OncoSec intends to use proceeds from the offering for further development of its ElectroOncology therapies to treat cancers, clinical studies, and general corporate purposes.
“We have assembled a team of experts and laid the groundwork to initiate three Phase II clinical studies for our ElectroImmunotherapy treatment platform using DNA IL-12 in melanoma and other cancer targets. This financing enables us to execute our plan to launch these studies in the second half of 2011, as well as initiate the development plans for our ElectroChemotherapy treatment platform,” said Punit Dhillon, President and CEO.
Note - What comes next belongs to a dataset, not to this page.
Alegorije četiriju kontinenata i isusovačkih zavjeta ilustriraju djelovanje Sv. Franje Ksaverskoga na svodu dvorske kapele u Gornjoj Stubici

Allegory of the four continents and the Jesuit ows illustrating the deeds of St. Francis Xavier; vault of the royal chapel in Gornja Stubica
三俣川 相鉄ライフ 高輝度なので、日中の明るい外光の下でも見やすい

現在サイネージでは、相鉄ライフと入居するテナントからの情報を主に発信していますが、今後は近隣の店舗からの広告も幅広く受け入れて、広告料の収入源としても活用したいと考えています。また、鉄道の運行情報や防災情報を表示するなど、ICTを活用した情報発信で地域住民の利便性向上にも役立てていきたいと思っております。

Rodman & Renshaw, LLC, a subsidiary of Rodman & Renshaw Capital Group, Inc. (NASDAQ:RODM), acted as the lead placement agent for the transaction.
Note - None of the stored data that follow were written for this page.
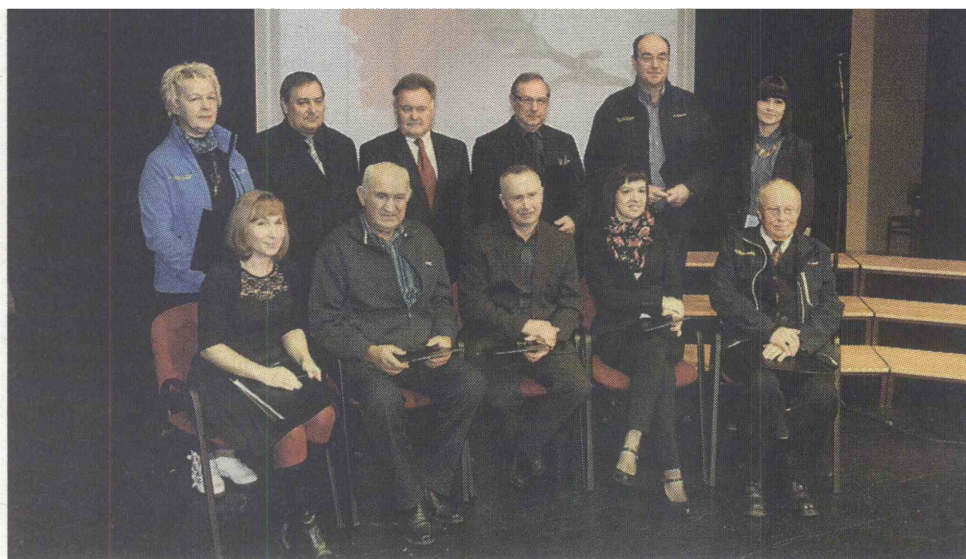
Letošnji dobitniki značk Ksavra Meška na prireditvi v Veliki Nedelji.
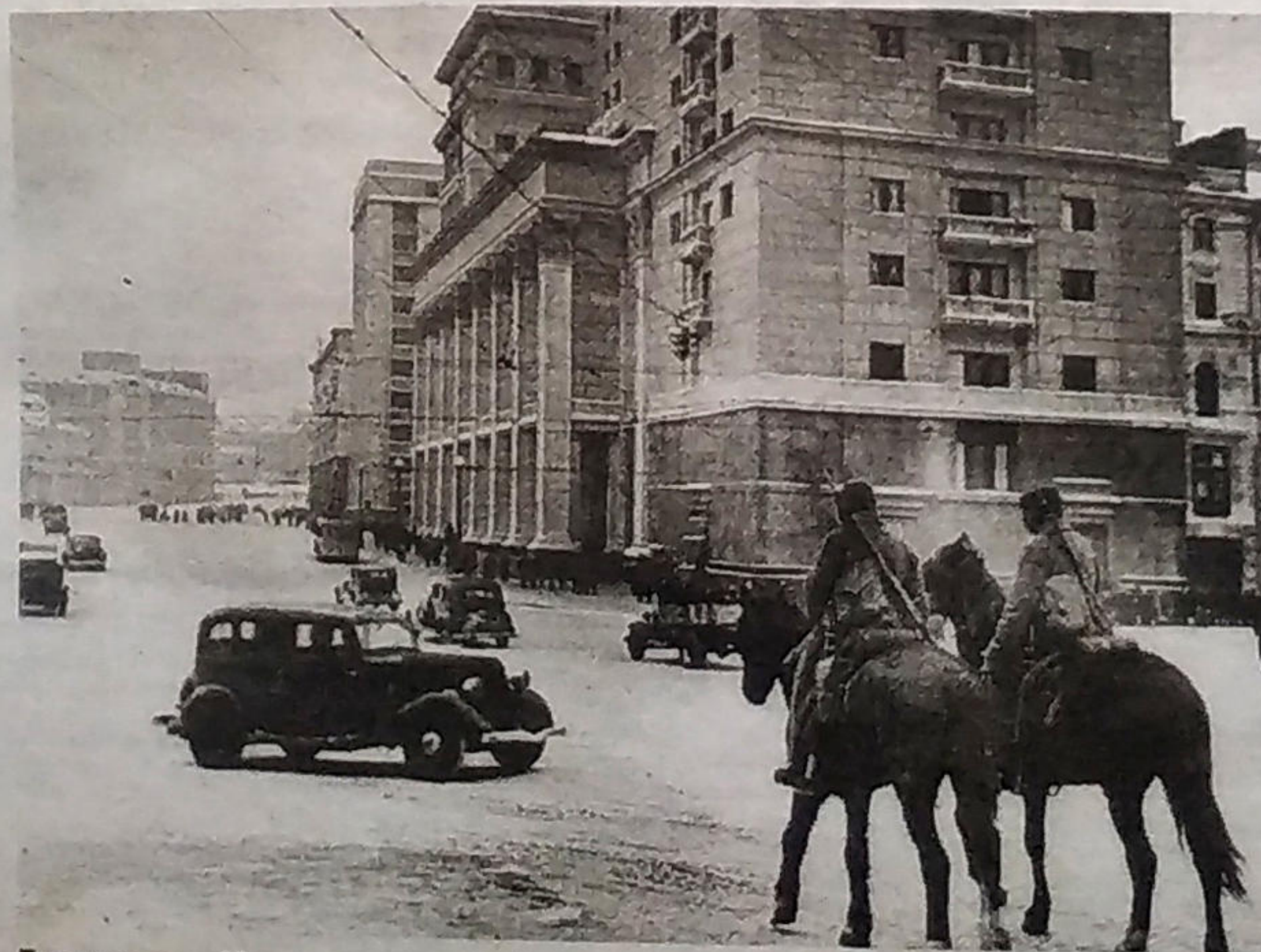
Гостиница «Москва» и конный патруль на Манежной площади в годы войны

«Секретарь Минского обкома партизанского движения в тылу противника, находился на оккупированной Минщине.
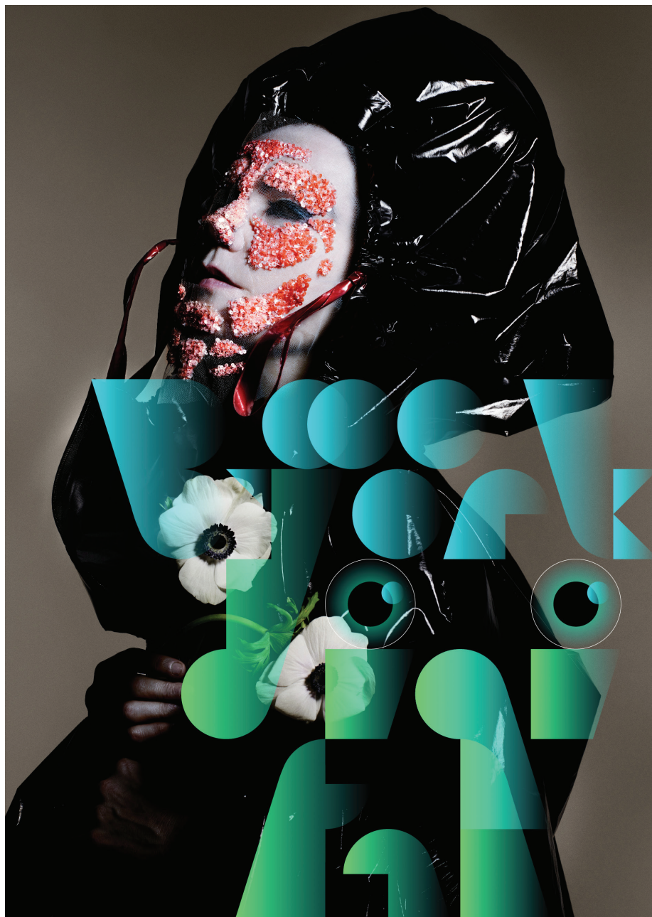
Affiche de l'exposition Björk Digital . typographie par M/M (Paris).
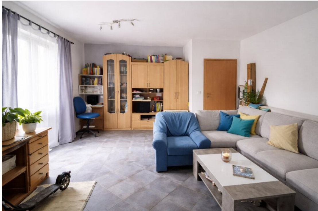
Helles Wohnzimmer mit stilvollem Mobiliar (2)
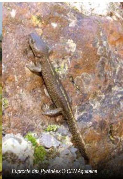
Euproctes des Pyrénées

Depuis 1990, le Conservatoire d'espaces naturels (CEN) d'Aquitaine contribue à préserver la biodiversité par la mise en œuvre d'une gestion écologique ancrée localement. La connaissance, la préservation, la gestion, et la valorisation du patrimoine naturel et paysager d'Aquitaine constituent ses missions.
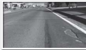
約300mに渡り傷みが進んでいた

This press release shall not constitute an offer to sell or the solicitation of an offer to buy securities. The securities offered and sold in the private placement have not been registered under the Securities Act of 1933, as amended, or any state securities laws, and may not be offered or sold in the United States absent registration, or an applicable exemption from registration under the Securities Act and applicable state securities laws. The offering is expected to close by June 24, 2011, subject to customary closing conditions.
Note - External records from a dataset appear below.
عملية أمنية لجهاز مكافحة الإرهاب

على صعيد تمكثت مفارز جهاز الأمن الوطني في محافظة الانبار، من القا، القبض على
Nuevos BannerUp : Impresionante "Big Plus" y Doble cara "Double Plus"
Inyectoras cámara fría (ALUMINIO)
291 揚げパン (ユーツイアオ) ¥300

About OncoSec Medical Inc.
Oncosec Medical (OTCBB: ONCS) develops novel ElectroOncology therapies that combine its proprietary electroporation delivery technology with a chemotherapeutic or novel DNA-based immunotherapeutics. Targeted local delivery of these agents is designed to achieve selective destruction of cancerous tumors while sparing healthy normal tissue, resulting in improved functional, cosmetic and quality of life outcomes. These therapies have achieved validating safety and efficacy data in early and late stage clinical studies of over 400 cancer patients. OncoSec’s clinical programs include three Phase II clinical trials. More information is available at www.oncosec.com.
This press release contains forward looking statements within the meaning of the U.S. Private Securities Litigation Reform Act of 1995. Any statements in this release that are not historical facts may be considered such “forward looking statements.” Forward looking statements are based on management’s current preliminary expectations and are subject to risks and uncertainties which may cause our results to differ materially and adversely from the statements contained herein. Some of the potential risks and uncertainties that could cause actual results to differ from those predicted include, without limitation, the satisfaction of the closing conditions and our dependence on the investors’ commitments to fulfill their obligations in connection with our private placement financing, our ability to acquire, develop or commercialize new products, uncertainties inherent in pre-clinical studies and clinical trials, unexpected new data, safety and technical issues, competition and market conditions. These and additional risks and uncertainties are more fully described in OncoSec’s filings with the Securities and Exchange Commission. Undue reliance should not be placed on forward looking statements which speak only as of the date they are made. OncoSec disclaims any obligation to update any forward looking statements to reflect new information, events or circumstances after the date they are made, or to reflect the occurrence of unanticipated events.